Hey @aembke , thanks for your efforts!

However I'm still getting timeouts with the same use case, important to notice that the new logs show that the connection is_working and skipping re-connection.

DEBUG fred::multiplexer::commands: fred-XxnvWboQLM: Has working connection: true
DEBUG fred::multiplexer::commands: fred-XxnvWboQLM: Skip reconnecting to 192.168.208.3:6379

But most interesting thing - it happens even after restarting not-related (another slot-range) cluster node. I mean command is supposed to be directed to (for example) node-1 (due to hash-distribution), I'm downscaling/scaling node-2 and it hangs for all subsequent requests until command timeout is exceeded (MONITOR also stops to show commands, so looks like server doesn't receive them at all) 🤔

I also wonder if it possible to allow customize DNS resolver? Probably even with embedded trust-dns-resolver as feature-flag. It would be also really nice!

Nov 30 '22 13:11 DDtKey

Huh, that's interesting. There must be something different with our repros. Can you include more of the trace logs from your repro? I suspect that the cluster may be promoting one of the other nodes to a primary while the first one is down. This can make it a bit tougher to follow what's going on, but the trace logs show the CLUSTER SLOTS response on each reconnection attempt which should help to debug this.

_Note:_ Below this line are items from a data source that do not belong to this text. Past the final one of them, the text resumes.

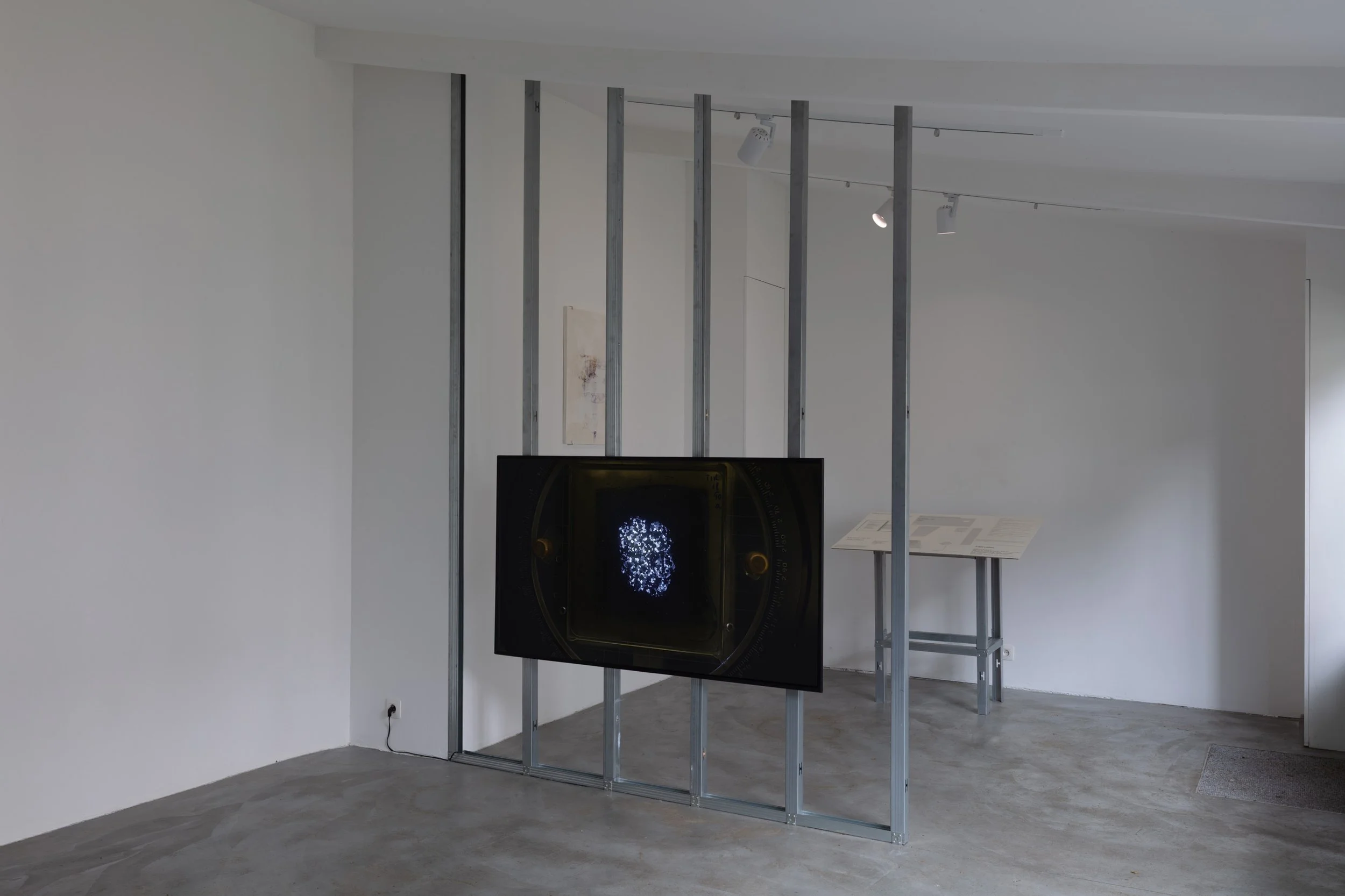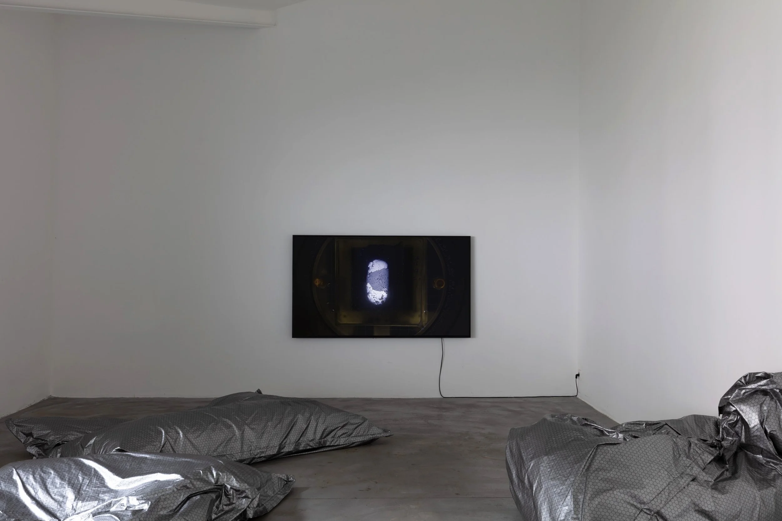 Muesli Collective, whose practice often puts material to the test through potential transmutations caused by environmental factors or guided intervention, chose to present a stage of their ongoing research. This project focuses on the progressive disintegration of ice samples extracted from Antarctic ice cores.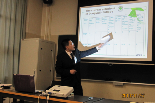 图为人民大学yl6809永利李宏伟同学在宣讲自己的论文“Fast-growing poplars planting externality and compensation mechanismevidence from the village of Dongyulin in Hebei Province”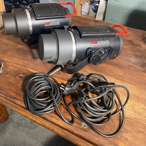 Svært pent (og lite brukt) sett a 2 stk Elinchrom Style 600 RX mono-blitzer m/stativ, 2 x 60 cm softbokser, r2 x paraplyer, 1 x transpostkoffert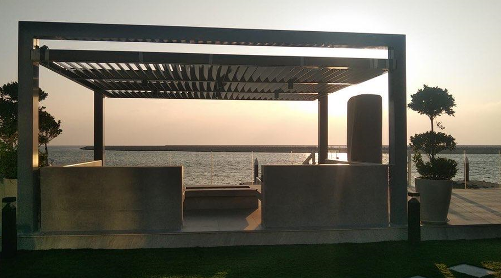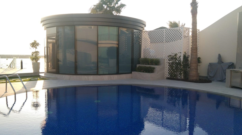 Work: Aluminum and Steel Round Conservatory, Glass Handrail and Pergola.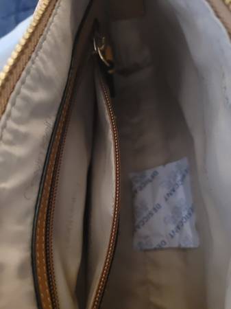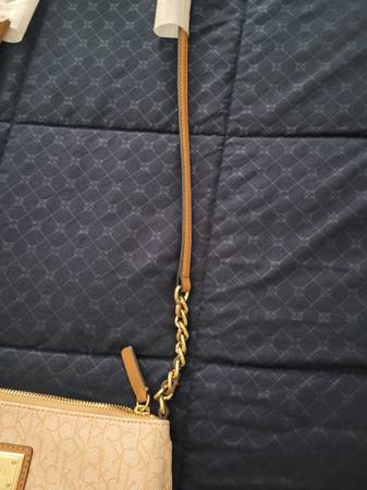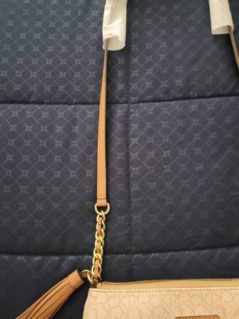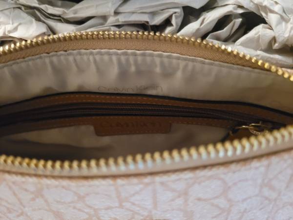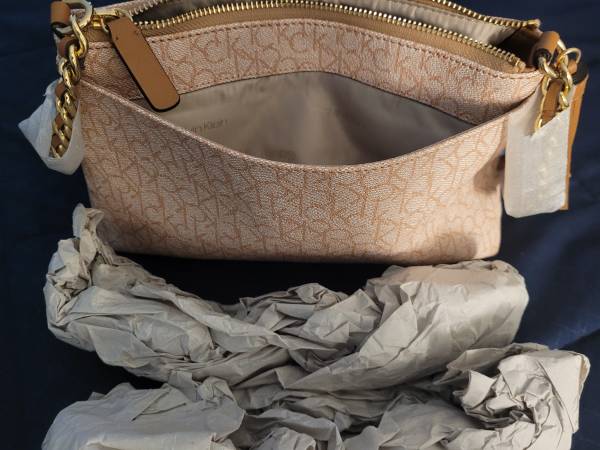 Moving sale item, 50% off for this Calvin Klein monogram crossbody bag new/unused condition protective covering still on strap and the inner paper protective stuffing is intact. Manmade material. Interior compartment plus one interior zippered compartment and one outer compartment.
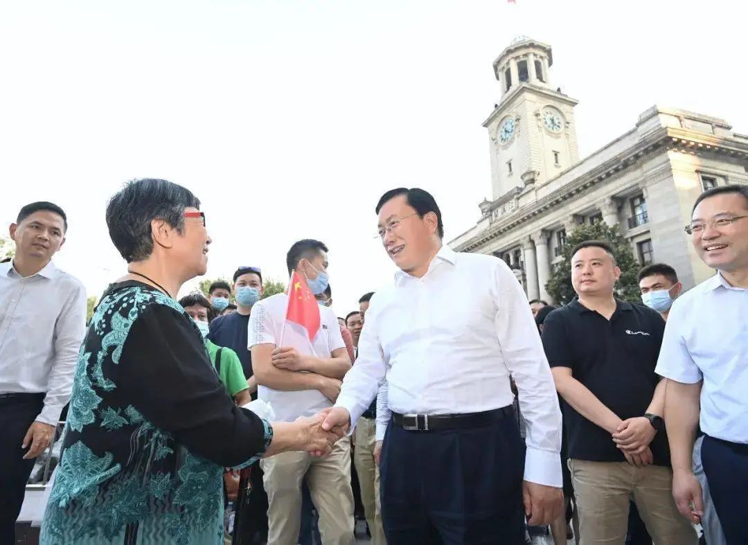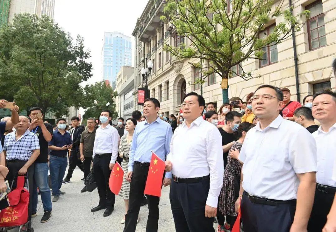 步行街广场上人头攒动,“大汉口风情”文艺展演等活动正在进行。王忠林与游客们一同挥舞国旗,致敬伟大祖国。有市民主动走上前来问好;有老人说,自己专门从家里过来看看,江汉路比以前更热闹了。王忠林与市民们互致节日的祝福,鼓励大家坚定信心,武汉明天会更好。

And yeah overriding DNS logic sounds like a good idea, I'll add that too. I have a trait internally that I use for that, so it likely won't take any dependency on trust-dns-resolver directly, but you could certainly set it up to use that instead.

Nov 30 '22 14:11 aembke

Well, you can find part of logs here: gist Let me know if it's not enough, this one quite-quick re-scaling of node (in logs it corresponds to 172.30.0.4) or if tokio logs are noisy. This part is repetitive after first attempt to execute command:

TRACE fred::multiplexer::commands: fred-97WKglxhGm: Recv command: MultiplexerCommand { kind: "Command", command: "ZCOUNT" }
    at /usr/local/cargo/git/checkouts/fred.rs-c7346550584dadf6/0ec0212/src/multiplexer/commands.rs:501 on reactor
TRACE fred::protocol::command: fred-97WKglxhGm: Pipeline check ZCOUNT: true
    at /usr/local/cargo/git/checkouts/fred.rs-c7346550584dadf6/0ec0212/src/protocol/command.rs:1484 on reactor
DEBUG fred::multiplexer::clustered: fred-97WKglxhGm: Writing command `ZCOUNT` to 172.30.0.7:6379
    at /usr/local/cargo/git/checkouts/fred.rs-c7346550584dadf6/0ec0212/src/multiplexer/clustered.rs:66 on reactor
TRACE fred::multiplexer::utils: fred-97WKglxhGm: Sending command ZCOUNT to 172.30.0.7:6379
    at /usr/local/cargo/git/checkouts/fred.rs-c7346550584dadf6/0ec0212/src/multiplexer/utils.rs:129 on reactor
TRACE fred::multiplexer::commands: fred-97WKglxhGm: Sent command to 172.30.0.7:6379. Flushed: false
    at /usr/local/cargo/git/checkouts/fred.rs-c7346550584dadf6/0ec0212/src/multiplexer/commands.rs:155 on reactor
WARN Timeout Error: Request timed out

It's cluster configured with 6 nodes (3 master / 3 replicas) - but it's reproducible without replicas as well.

In the end you can find Timeout Error - it hangs for forever and for any slot. I mean it starts always returning timeout. But I can easily execute commands via redis-cli to the cluster & restored node.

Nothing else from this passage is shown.